I have a couple of thousand pdfs but they aren't accessible by search engines as they are protected by a download script. The site does have around 20K pages indexed but still... Could this is due to my change over to Drupal in October? Does Google suddenly think I'm updating the pages more often than I am? Cheers BP
Hi, Crawl rate is set to normal, but there does seem to be have been a steady increase in the number of pages crawled since my redesign. There are 20400 pages indexed but I've been careful to exclude registration pages etc in robots.txt. Cheers BP
I'd rather not It's not so much the bandwidth as the load on the server I'm concerned about. All my sites are php based and while I'm signed up for 5 times the bandwidth I need, I can see me needing more RAM and a faster CPU pretty soon. Obviously I don't mind if it's the price you pay for entry into Google Land, I was just shocked at the bandwidth they used on just one of my sites, albeit the most established one. Cheers BP
That's pretty excessive for the amount of pages, i've got sites with 5 times the volume of pages and most are around the 2GB mark so far for this month so 17GB is pretty heavy. Do this query in Google allinurl:www.yoursite.com + .pdf And see if your download script is working correctly, also if your .pdf's are in a specific folder do an exclusion for that directory with Robots.txt
Thanks for the tip. Unfortunately it only came up with the one small pdf that isn't in the protected folder. I already went through the last 3 months download logs looking for rogue bots but Google hasn't been in there. I've set GeositeCrawler on my site to see what URLs I can afford to add to robots.txt (downloads is already in there). GoogleBot took another 2GB last night! Cheers BP
Yeah somethings not right, for 17GB (2GB in 24 hours) and only 20k pages is very excessive. Ok i just logged in and had a look at a few of my larger sites, and: 190,000 page site - 3.4GB with 326,529 Hits 500,000 page site - 8.2GB with 844,287 Hits So.. As comparison, yours is consuming much more bandwidth compared to the ratio of hits 665,816 yet 31GB As you can see my 500k page site gets more page hits but only 1/4 of the bandwidth. To me it appears Google is getting caught up on something with your site, and looping or trying to download video content or something but it's hard to tell without viewing the site. Is you code fairly valid? I did have something like this a few years ago, and the culprit was some badly formatted code.

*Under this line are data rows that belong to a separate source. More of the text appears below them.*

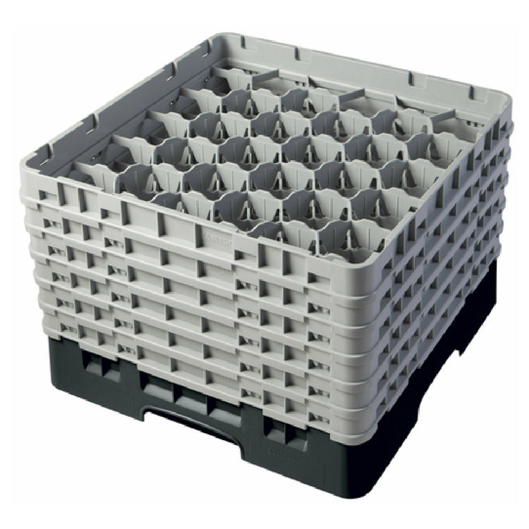 The Cambro 30S1114110 Camrack® Glass Rack with (6) soft gray extenders is a full-size rack designed to meet the demands of the foodservice and hospitality industries. Measuring 19-3/4" x 19-3/4" x 13-3/4", it provides ample space with its (30) compartments, each accommodating a maximum diameter of 3-1/8" and a maximum height of 11-3/4". This configuration allows for optimal storage and secure transportation of glassware, making it an essential tool for any business requiring efficient and reliable glass management. The rack's black color provides a sleek, professional appearance, while the soft gray extenders contribute to its adaptability, accommodating various glass sizes while maintaining stability during transport. The Cambro Camrack® is HACCP compliant, ensuring it meets the rigorous standards for food safety and sanitation. Additionally, it holds an NSF certification, further validating its quality and safety for use in any professional setting. This glass rack is particularly advantageous for restaurants, hotels, and catering services, where its robust design supports high-volume use and repeated washing cycles, safeguarding glassware and optimizing workflow efficiency.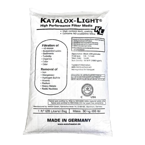 Katalox Light es un medio filtrante de alta eficiencia utilizado en sistemas de tratamiento de agua, principalmente para eliminar impurezas como hierro, manganeso, sulfuro de hidrógeno y otros contaminantes. Está compuesto por un núcleo de dióxido de manganeso recubierto sobre una base de zeolita, lo que le permite realizar una filtración eficiente y oxidativa de contaminantes. A menudo, se utiliza en aplicaciones industriales, comerciales y domésticas.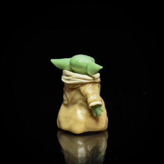 The included Grogu is somewhere between a figure and an accessory. He stands about an inch tall and has a fixed body with the arms sculpted as part of the torso and not articulated. On this release, the left arm is outstretched in a 'force' pose - the same body as was used on the Din Djarin Deluxe release from 2020. The body is cast in a sandy brown base plastic with a lighter tone painted onto the collar and cuffs.
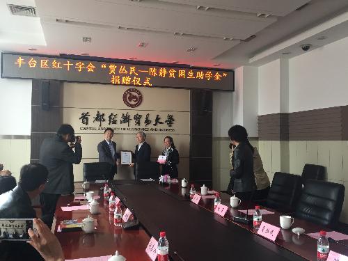 校长助理兼bet365中国客服电话院长崔也光、党委书记解小娟、学生处处长马力、外联处处长赵喜玲、校医院党总支书记张艳华、丰台区红十字会党组书记赵勇及秘书长李静、朱莉华,以及接受捐赠的31名学生参加了捐赠仪式,本次助学金通过丰台区红十字会进行捐赠,仪式由bet365中国客服电话党委副书记孙庆福主持。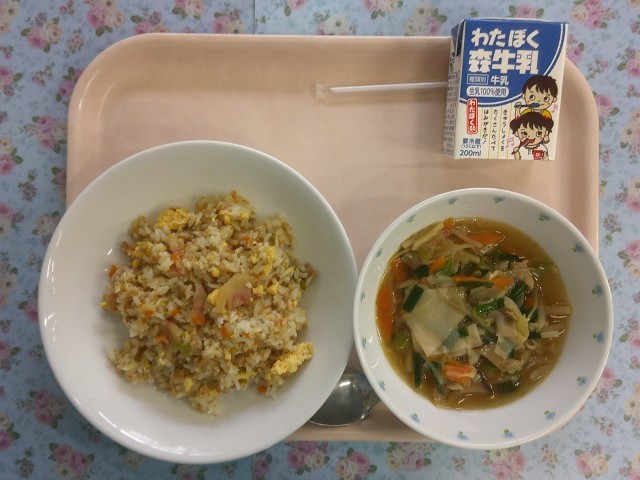 ワンタンスープには、肉をつつんでいないワンタンをそのまま使っています。つるっとした食感が美味しく、たっぷりの野菜とれる人気のスープです。「今日の献立最高!」「美味しくて、いつもより早く食べ終わっておかわりしました。」と嬉しい感想がありました。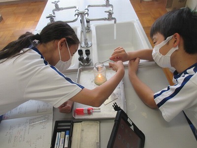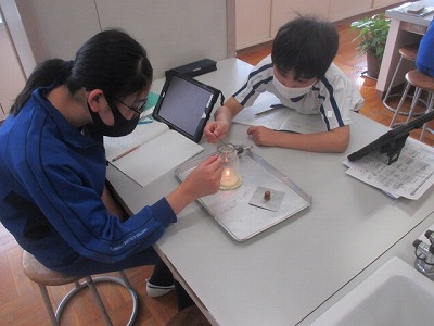 そこで、集気瓶のフタをとった状態では燃え続けるかを予想しました。

Hi, It seems to check out with HTML and CSS validator, except for the odd display fix for IE. I even have alt text for the thousands of images. I'm think I'm going to have a long, hard look at the Rewrite Rules once Geosite has finished (it's up to about 38000 pages so far). Cheers BP
No problems, feel free to PM me the URL if you cant work it out and want me to have a quick look over it.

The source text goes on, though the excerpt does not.